Oscar is the man. He keeps getting pictures of hot nude women with messages in spanish saying "i hope you like it" sent to his phone
whose oscar?
the baller who i guess decided to give out a fake number at the bar last weekend. luckily that fake number was mine. i have enough porn to last me until next month.
Bagel with cream cheese. It's blowing my fucking mind.
How high are you right now..
I MICROWAVED IT. SIGNIFICANT IMPROVEMENT.
Made it home ok. Only got hit by one car.
Maybe it's the vicodin, but all I wanna do is hunt wild hogs.
Dude. 21 days till I'm 21. It's the 21 day countdown. The 25 days of Christmas can suck my dick.
WHY does every guy I sleep with want to fix my car?!

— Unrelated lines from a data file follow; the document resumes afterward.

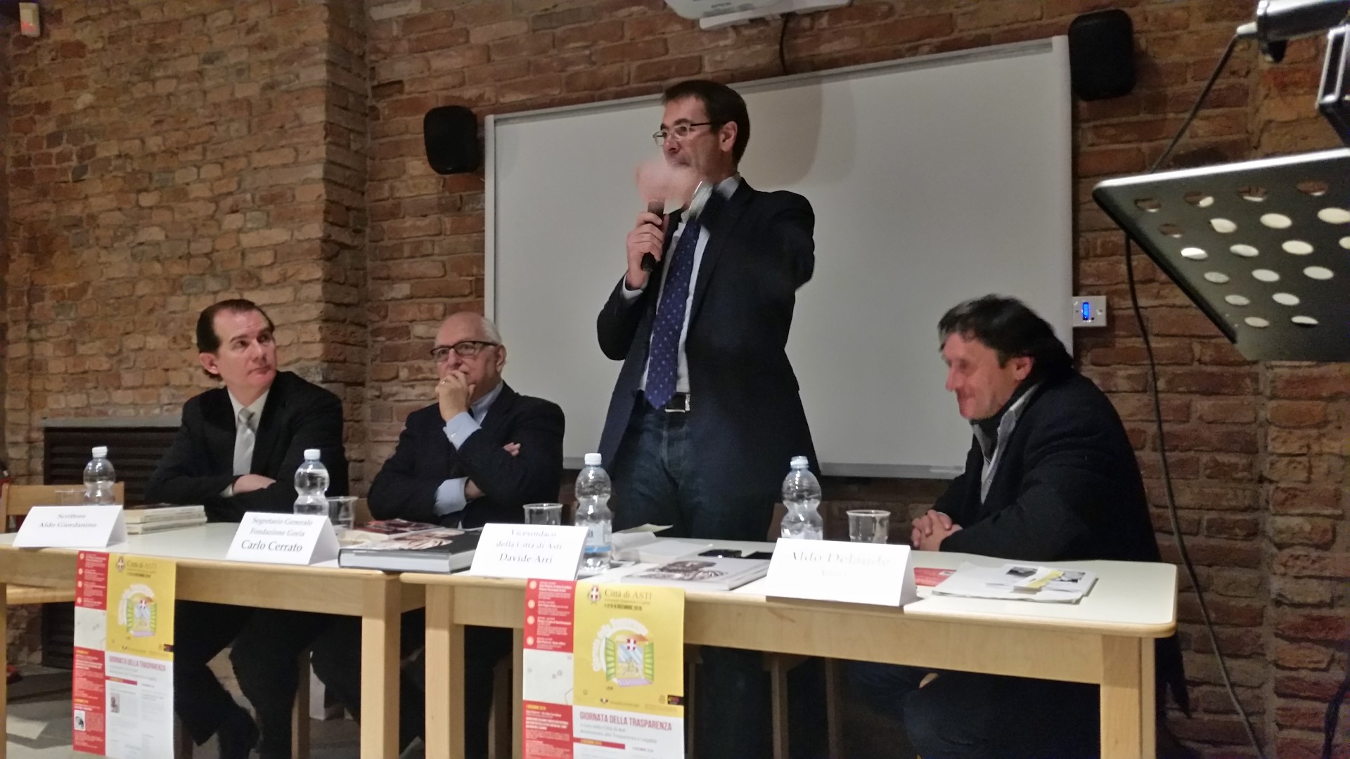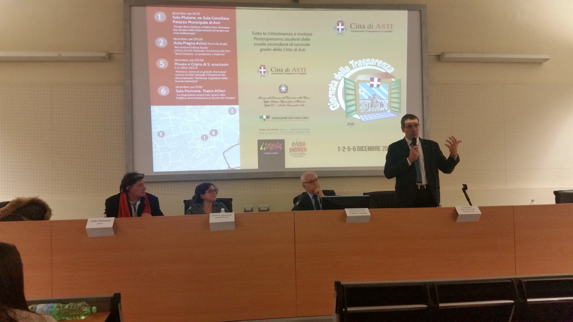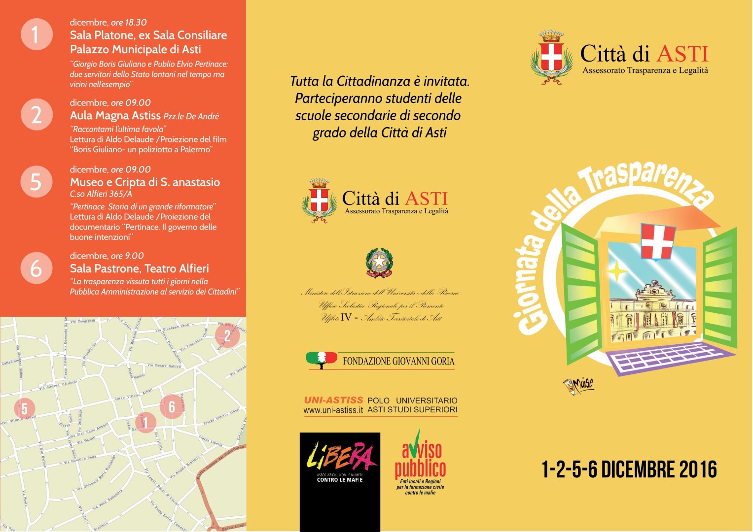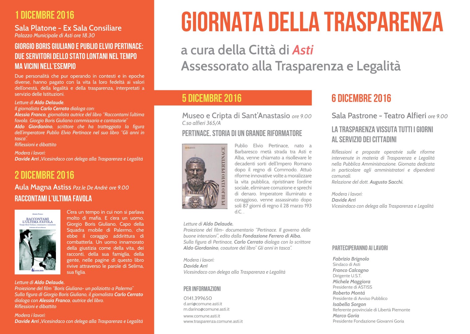 Con la presente Vi ringrazio di cuore per la collaborazione offerta per la migliore organizzazione de “La Giornata della Trasparenza” della Città di Asti, edizione 2016. Grazie al Vostro apporto prezioso siamo riusciti ad offrire un evento di grande spessore, apprezzato dalle Autorità Istituzionali, dai tanti Cittadini e soprattutto dai numerosi nostri Studenti che vi hanno partecipato. Abbiamo così conseguito l’obiettivo di illustrare e rendere accattivante l’esempio di due autentici Servitori dello Stato. A breve provvederò a girarVi la rassegna stampa che stiamo realizzando.
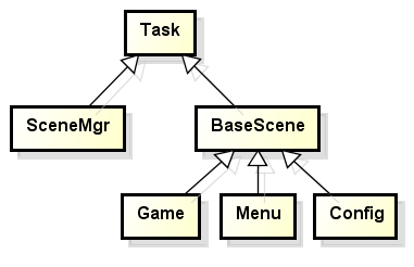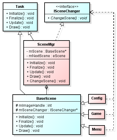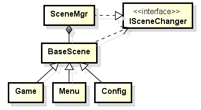 SceneMgrはGame、Menu、Configと言ったクラスのインスタンスを直接持ちません。
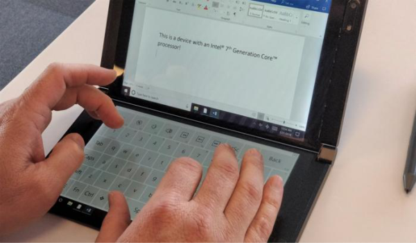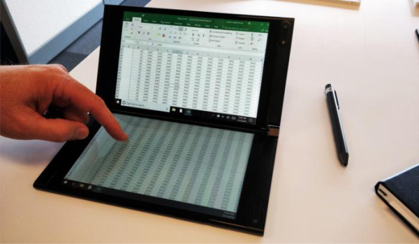 Jadi fungsi antara layar primer dengan sekunder akan berbeda nantinya, kedua layar ini akan bisa dilipat seperti halnya laptop biasa. Hal yang membedakannya dengan laptop biasa adalah layar dan keyboardnya.
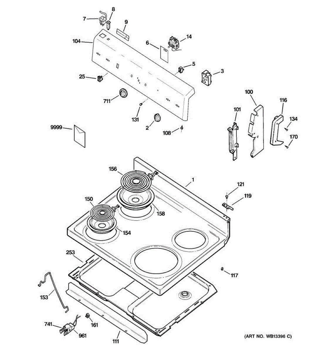 White metal cooktop panel for electric ranges. Replaces chipped, cracked, marred, or discolored main tops. Direct fit surface component for your range.
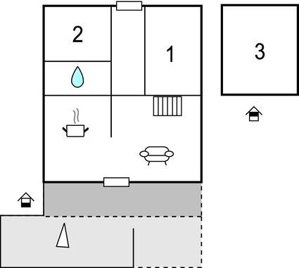 Badezimmer (nr. 1) - WC. Warmes und kaltes Wasser. Dusche

I would sacrifice a finger for two more hours of sleep.
i hope you're proud of yourself! i just had to ask my boss to put ointment on the rugburn on my back. clothes hurt!
I'm just gonna clean the house so my Mom won't think I'm hung over. I'll just start with the toilet
I was on etsy and I'm like those boobs look way too familiar
I'm just now realizing I've slept with guys from three different decades over the past year. That's gotta be some sort of record.
ill let you put your finger in a lot of things. but a ring is not one of them.
My mom said "I saw the signs you guys were high, so I made the spaghetti"....so ya, I'd say she definitely knew
I put the child locks on after I put you in the car and you then screamed, "I am a Phoenix, you can't restrain me. I NEED TO FLY!"
Passed out in someones front yard last night. Got woke u?p by a lady walking her dog at 6am. Rock bottom.